Joint Latent Dirichlet Allocation for Social Tags
Abstract of Joint Latent Dirichlet Allocation for Social Tags
Joint Latent Dirichlet Allocation for Social Tags,Social tags, serving as a textual source of simple but useful semantic metadata to reflect the user preference or describe the web objects, has been widely used in many applications. However, social tags have several unique characteristics, i.e., sparseness and data coupling (i.e., non-IIDness), which makes existing text analysis methods such as LDA not directly applicable. In this paper, we propose a new generative algorithm for social tag analysis named joint latent Dirichlet allocation, which models the generation of tags based on both the users and the objects, and thus accounts for the coupling relationships among social tags.
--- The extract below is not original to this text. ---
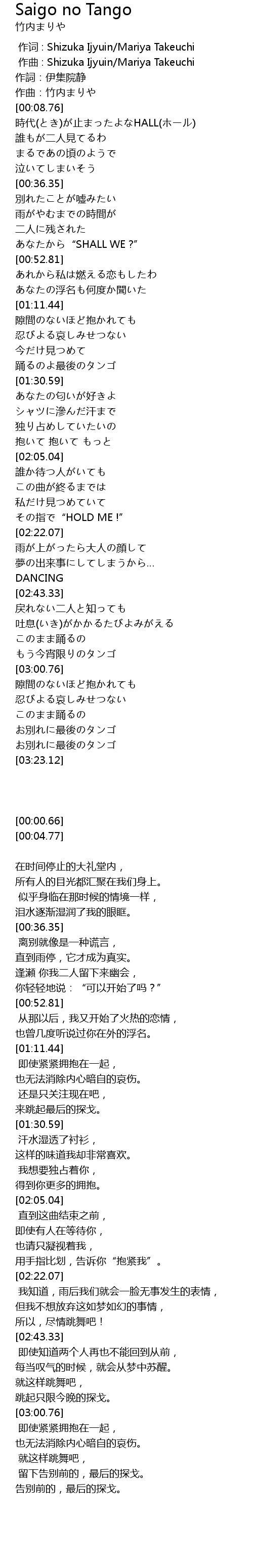| [01:25.46] | 踊るのよ最後のタンゴ |

The model introduces two latent factors that jointly influence tag generation: the user’s latent interest factor and the object’s latent topic factor, formulated as user-topic distribution matrix and object-topic distribution matrix, respectively. A Gibbs sampling approach is adopted to simultaneously infer the above two matrices as well as a topic-word distribution matrix.
Conclusion
In this paper, we proposed a method for modeling social tags. By considering the non-IID characteristic of social tags, our model introduces two factors, the user interest factor and the object latent topic factor, to jointly affect the generative procedure of tags. As our model utilizes the collaborative information among the users and the objects to extract more explicit information from tags, experiments on four publicly available data sets have demonstrated the advantages of our models compared with other five topic models in terms of PMI scores.